Когда мы остались одни, Кац сделал мне знак начинать. Я рассказал, как мы попали в аварию, и теперь Сэкетт шьет нам убийство грека ради страховки и заставил меня подписать заявление против Коры, что якобы она и меня хотела убить. Кац выслушал, помолчал некоторое время. Потом поднялся.
– Лихо он вас обработал.
– Напрасно я подписал. Я не верю, что она такая злодейка. Теперь не знаю, как быть.
– В любом случае не следовало подписывать.
– Мистер Кац, обещайте мне одну вещь. Как увидите ее, скажите…
– Да, я ее увижу. И скажу то, что сочту нужным. Если я вашим делом занимаюсь, стало быть, я им занимаюсь. Ясно?
– Да, сэр, ясно.
– На предъявлении обвинения я буду присутствовать. Ну или кого-нибудь вам найду. Поскольку Сэкетт вынудил вас написать заявление, представлять вас обоих я не смогу, но работать буду. И повторяю: если я этим занимаюсь, стало быть, занимаюсь, что бы вам там ни казалось.
– Делайте все, что нужно.
– Увидимся.
* * *
Вечером меня опять положили на носилки и повезли в суд – предъявлять обвинение. Ни скамей для жюри, ни кафедры для свидетеля – в общем, ничего такого. Судья вместе с несколькими полицейскими сидел на возвышении, а перед ним стоял длиннющий стол через всю комнату, и если кто хотел выступить с показаниями – подходил к этому столу, задирал голову и говорил. Народу толпилось полно; когда меня вкатили, засверкали вспышки фотографов. Сразу было ясно: событие происходит важное.

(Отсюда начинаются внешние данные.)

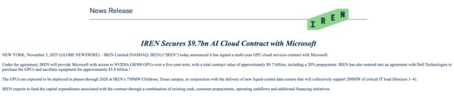 文 | 少年维特 微软这次是真下重注了。 11月3号凌晨,微软和澳洲的算力运营商 IREN(Iris Energy)签了一份为期五年的合作大单,总金额高 达 97 亿美元。公告一出,IREN 股价盘前直接跳涨 20% 以上——要知道这家公司今年已经涨了 480% 了,妥妥的"AI 能源赛道宠儿"。 根据披露,微软会先掏 20% 预付款,剩下分期结算,用于换取 IREN 位于德州 Childress 的数据中心里 的高端 NVIDIA GB300 GPU 算力。IREN 这边要采购 58 亿美元设备,还得负责建 200 兆瓦液冷机房 ——背后电力来自它自家的 2.9 GW 清洁能源电网。 AI基建的"慢变量":微软为什么急着买算力 如果说 OpenAI 让微软站上了 AI 时代的浪尖,那么真正决定它能跑多远的,是那些最不起眼的"慢变 量"——电力、机房、冷却系统,以及审批速度。 这笔交易的核心不是 GPU,因为 AI 扩容的最大瓶颈已经不是模型。在 AI 爆发的这两年,微软最大短 板已经不在模型,而在基础设施。Azure 云服务和 OpenAI 模型都在抢算力,电力批文批不下、机房周 期拉太长,成了微软的掣肘。 ...

Лежа на носилках, я мало что видел, но успел заметить Кору на скамье рядом с Кацем и Сэкетта, который беседовал с неизвестными мне типами с портфелями, и еще нескольких копов и свидетелей, бывших на дознании.
Пока дослушивали дело какой-то китаянки, меня расположили перед помостом на двух сдвинутых вместе столах и поправили одеяло, а потом коп постучал, требуя тишины. Тем временем ко мне подошел молодой человек и сказал, что его зовут Уайт, и Кац послал его представлять мои интересы. Я кивнул, а он продолжал шептать про Каца, и коп застучал сильней.
– Кора Пападакис!
Она встала, и Кац подвел ее к столу. Проходя мимо, она едва меня не коснулась, и я – удивительно, в этой сутолоке! – уловил ее запах, тот самый, который всегда сводил меня с ума. Выглядела она получше, чем вчера. Блузка была другая и сидела отлично, костюм выстиран и выглажен, туфли начищены. И глаз, хоть и с синяком, уже не так заплыл.
Другие тоже подошли и выстроились перед столом, и коп велел всем поднять правую руку и начал бубнить насчет правды и ничего кроме правды. Посреди фразы он остановился и посмотрел, поднял ли руку и я, и увидел, что нет. Тогда я ее поднял, и он забубнил дальше.